+++ Exercise data +++
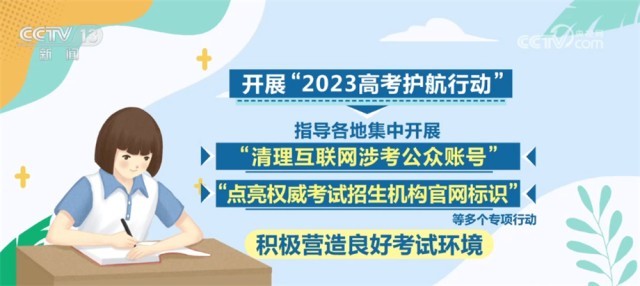 此外,將繼續(xù)開展“2023高考護(hù)航行動”,指導(dǎo)各地集中開展“清理互聯(lián)網(wǎng)涉考公眾賬號”“點亮權(quán)威考試招生機(jī)構(gòu)官網(wǎng)標(biāo)識”等多個專項行動,積極營造良好考試環(huán)境。
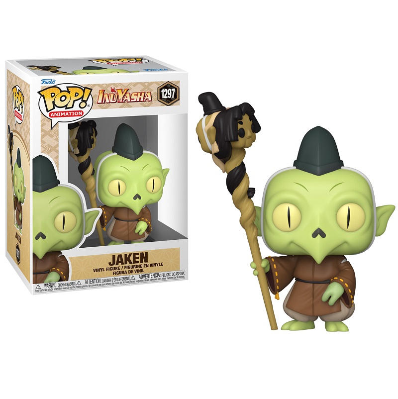 Official InuYasha Jaken 1297 Funko Pop! Animation vinyl figure. Features Jaken with his Staff of Two Heads and signature robes. Stands approx. 3.75 inches tall.
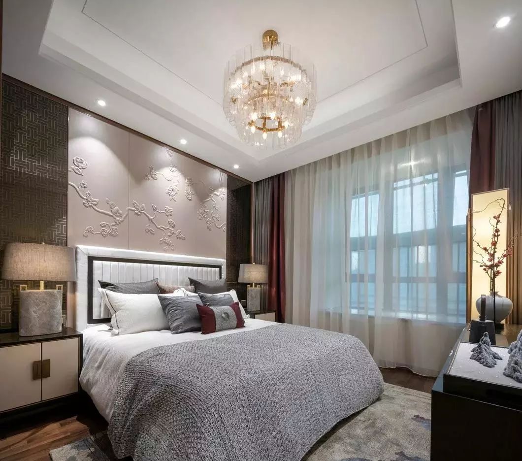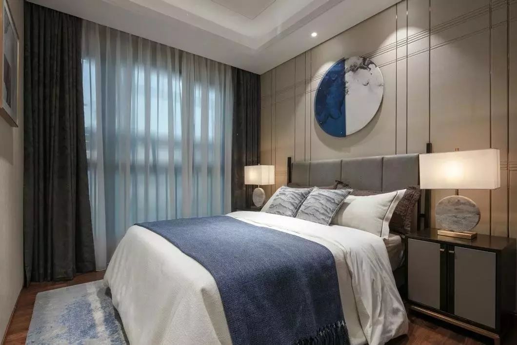 主卧整体氛围淡雅而不失厚重
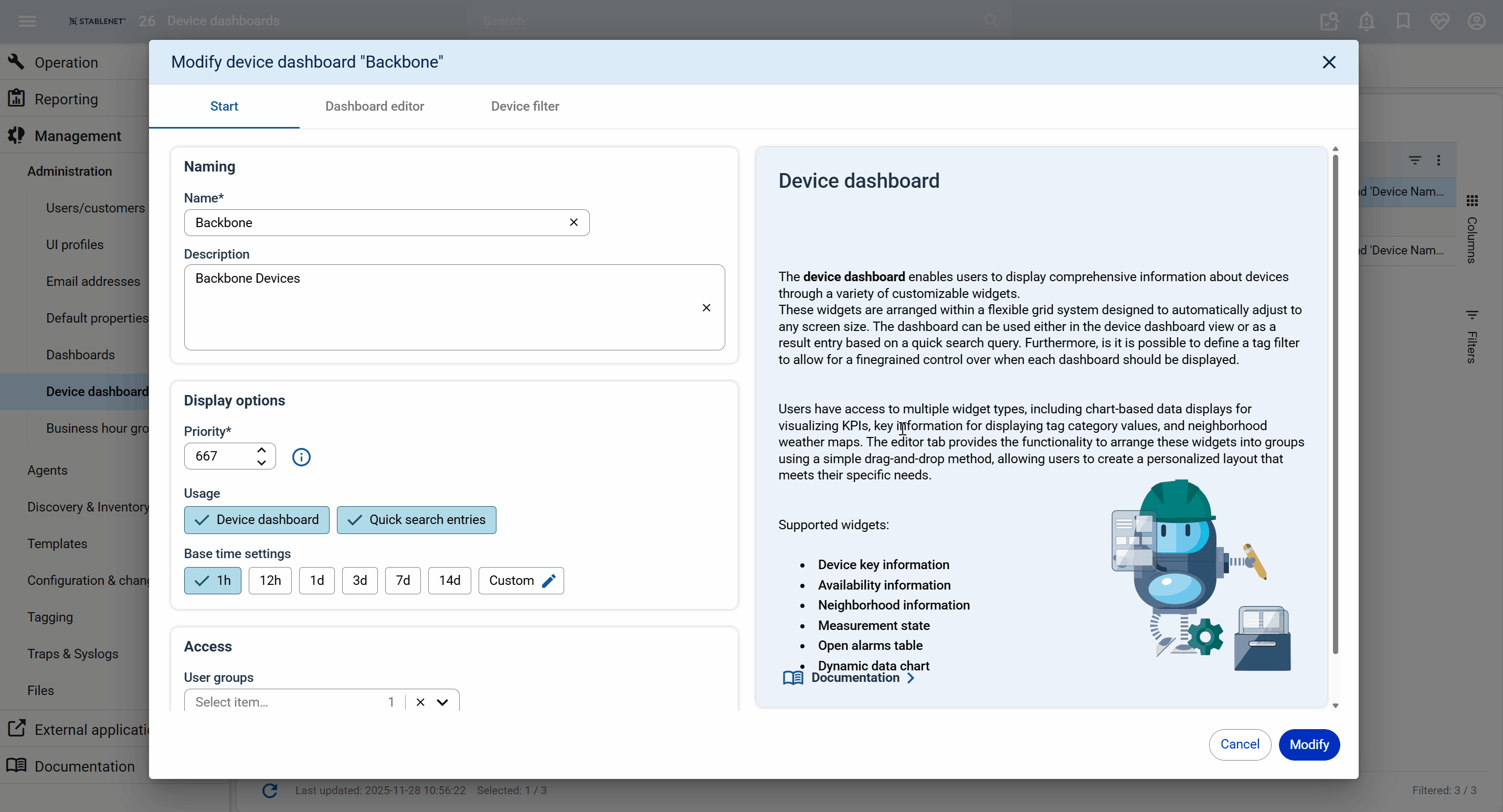 StableNet®’s Dashboard Management is now fully available and heavily improved in the StableNet® Portal, bringing all the functionality previously in the Rich Client into a modern, intuitive interface.
+++
- _Instructions to follow_: Copy nothing but the lines from the top of the data down to the line containing "主卧整体氛围淡雅而不失厚重", and leave the pictures out.

- _Answer_:
 此外,將繼續(xù)開展“2023高考護(hù)航行動”,指導(dǎo)各地集中開展“清理互聯(lián)網(wǎng)涉考公眾賬號”“點亮權(quán)威考試招生機(jī)構(gòu)官網(wǎng)標(biāo)識”等多個專項行動,積極營造良好考試環(huán)境。
 Official InuYasha Jaken 1297 Funko Pop! Animation vinyl figure. Features Jaken with his Staff of Two Heads and signature robes. Stands approx. 3.75 inches tall.
 主卧整体氛围淡雅而不失厚重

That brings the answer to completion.